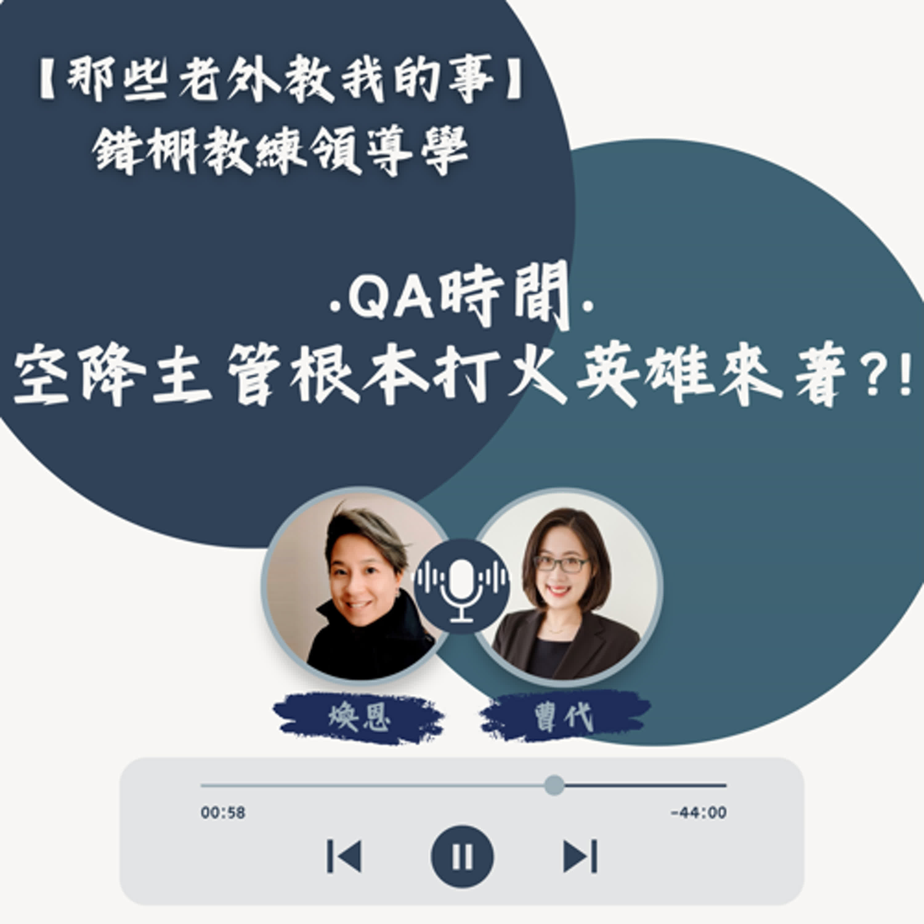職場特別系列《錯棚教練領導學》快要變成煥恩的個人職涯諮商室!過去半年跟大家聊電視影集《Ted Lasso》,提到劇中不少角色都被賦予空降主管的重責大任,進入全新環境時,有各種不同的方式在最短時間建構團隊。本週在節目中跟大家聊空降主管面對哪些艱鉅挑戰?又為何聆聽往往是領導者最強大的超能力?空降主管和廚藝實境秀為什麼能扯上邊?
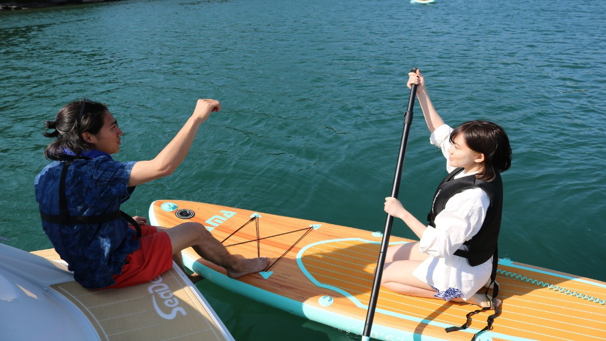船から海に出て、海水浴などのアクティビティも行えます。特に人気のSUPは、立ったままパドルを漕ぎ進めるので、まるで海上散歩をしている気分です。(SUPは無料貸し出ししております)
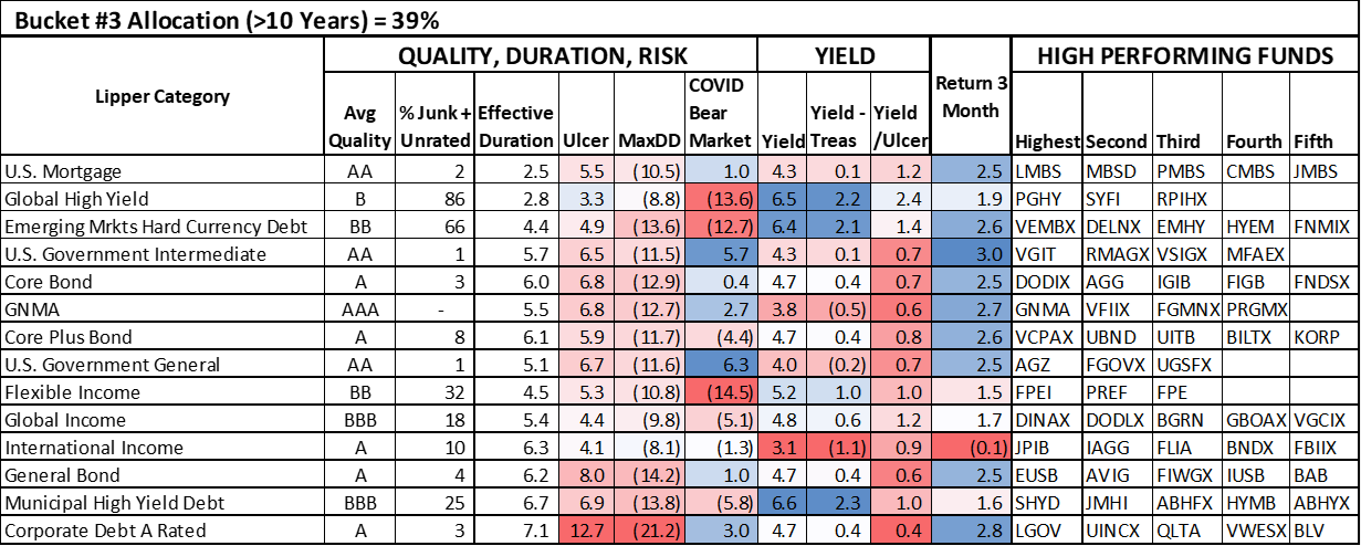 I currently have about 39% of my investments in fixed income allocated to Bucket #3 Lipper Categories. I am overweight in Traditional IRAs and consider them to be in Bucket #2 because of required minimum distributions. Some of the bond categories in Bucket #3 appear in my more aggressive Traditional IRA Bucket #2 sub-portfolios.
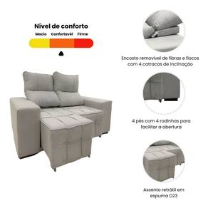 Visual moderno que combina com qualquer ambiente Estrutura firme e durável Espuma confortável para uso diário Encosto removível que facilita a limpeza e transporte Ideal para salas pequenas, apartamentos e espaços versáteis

(Directions) Skipping all pictures, set the listing down exactly as written.

(Reply)
職場特別系列《錯棚教練領導學》快要變成煥恩的個人職涯諮商室!過去半年跟大家聊電視影集《Ted Lasso》,提到劇中不少角色都被賦予空降主管的重責大任,進入全新環境時,有各種不同的方式在最短時間建構團隊。本週在節目中跟大家聊空降主管面對哪些艱鉅挑戰?又為何聆聽往往是領導者最強大的超能力?空降主管和廚藝實境秀為什麼能扯上邊?
船から海に出て、海水浴などのアクティビティも行えます。特に人気のSUPは、立ったままパドルを漕ぎ進めるので、まるで海上散歩をしている気分です。(SUPは無料貸し出ししております)
 I currently have about 39% of my investments in fixed income allocated to Bucket #3 Lipper Categories. I am overweight in Traditional IRAs and consider them to be in Bucket #2 because of required minimum distributions. Some of the bond categories in Bucket #3 appear in my more aggressive Traditional IRA Bucket #2 sub-portfolios.
 Visual moderno que combina com qualquer ambiente Estrutura firme e durável Espuma confortável para uso diário Encosto removível que facilita a limpeza e transporte Ideal para salas pequenas, apartamentos e espaços versáteis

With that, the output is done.